# Amazon SageMaker와 병렬로 SageMaker 분산 모델을 사용하여 모델 병렬화로 MNIST 훈련 작업 시작

SageMaker 분산 모델 병렬 (SageMaker Distributed Model Parallel, SMP)은 GPU 메모리 제한으로 인해 이전에 학습하기 어려웠던 대규모 딥러닝 모델을 훈련하기 위한 모델 병렬 처리 라이브러리입니다. SageMaker Distributed Model Parallel은 여러 GPU 및 인스턴스에서 모델을 자동으로 효율적으로 분할하고 모델 훈련을 조정하므로 더 많은 매개 변수로 더 큰 모델을 생성하여 예측 정확도를 높일 수 있습니다.

이 노트북에서는 예제 PyTorch 훈련 스크립트 `utils/pt_mnist.py` 및 [Amazon SageMaker Python SDK](https://sagemaker.readthedocs.io/en/stable/overview.html#train-a-model-with-the-sagemaker-python-sdk) 를 사용하여 모델을 훈련하도록 Sagemaker Distributed Model Parallel을 구성합니다.


### 추가 리소스

Amazon SageMaker를 처음 사용하는 경우, SageMaker 상에서 SMP로 PyTorch 모델을 훈련 시 다음 정보들이 도움이 될 수 있습니다.
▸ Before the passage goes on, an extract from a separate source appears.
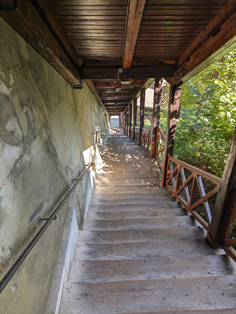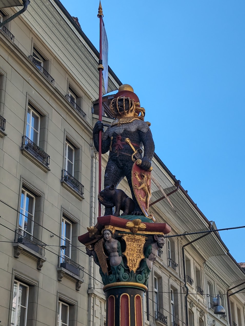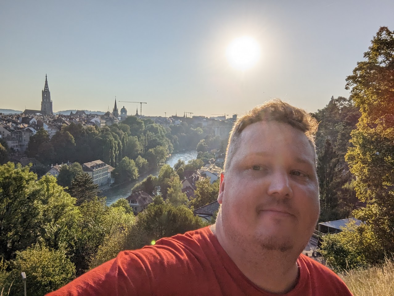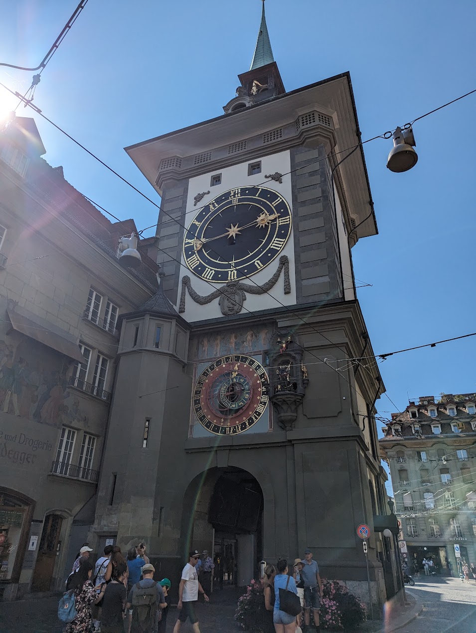 Am nächsten Tag in Bern waren die Geschäfte dann geöffnet. Dementsprechend war auch ganz schön was los in der Stadt. Jubel, Trubel und Hitze. Bern liegt am Hang und wenn man einmal unten am Flußufer ist, ist es echt nicht einfach wieder "nach oben" zu gelangen. Zum Glück haben wir eine kleine Drahtseilbahn gefunden, die uns das bergauf laufen abgenommen hat. Später beim Spaziergang zum Abendessen haben wir dann aber einen wundervollen Blick auf die Stadt bei Sonnenuntergang bekommen.

* SageMaker 모델 병렬 처리 라이브러리에 대한 자세한 내용은 [SageMaker Distributed를 사용한 모델 병렬 분산 훈련](http://docs.aws.amazon.com/sagemaker/latest/dg/model-parallel.html)을 참조하세요.

* Pytorch와 함께 SageMaker Python SDK를 사용하는 방법에 대한 자세한 내용은 [SageMaker Python SDK와 함께 PyTorch 사용](https://sagemaker.readthedocs.io/en/stable/frameworks/pytorch/using_pytorch.html)을 참조하세요.

* 자체 훈련 이미지로 Amazon SageMaker에서 훈련 작업을 시작하는 방법에 대한 자세한 내용은 [자체 훈련 알고리즘 사용](https://docs.aws.amazon.com/sagemaker/latest/dg/your-algorithms-training-algo.html)을 참조하세요.

## Amazon SageMaker 초기화

다음 셀을 실행하여 노트북 인스턴스를 초기화합니다. 이 노트북을 실행하는 데 사용되는 SageMaker 실행 역할을 가져옵니다.

In [1]:
pip install sagemaker-experiments

Collecting sagemaker-experiments
  Downloading sagemaker_experiments-0.1.25-py3-none-any.whl (40 kB)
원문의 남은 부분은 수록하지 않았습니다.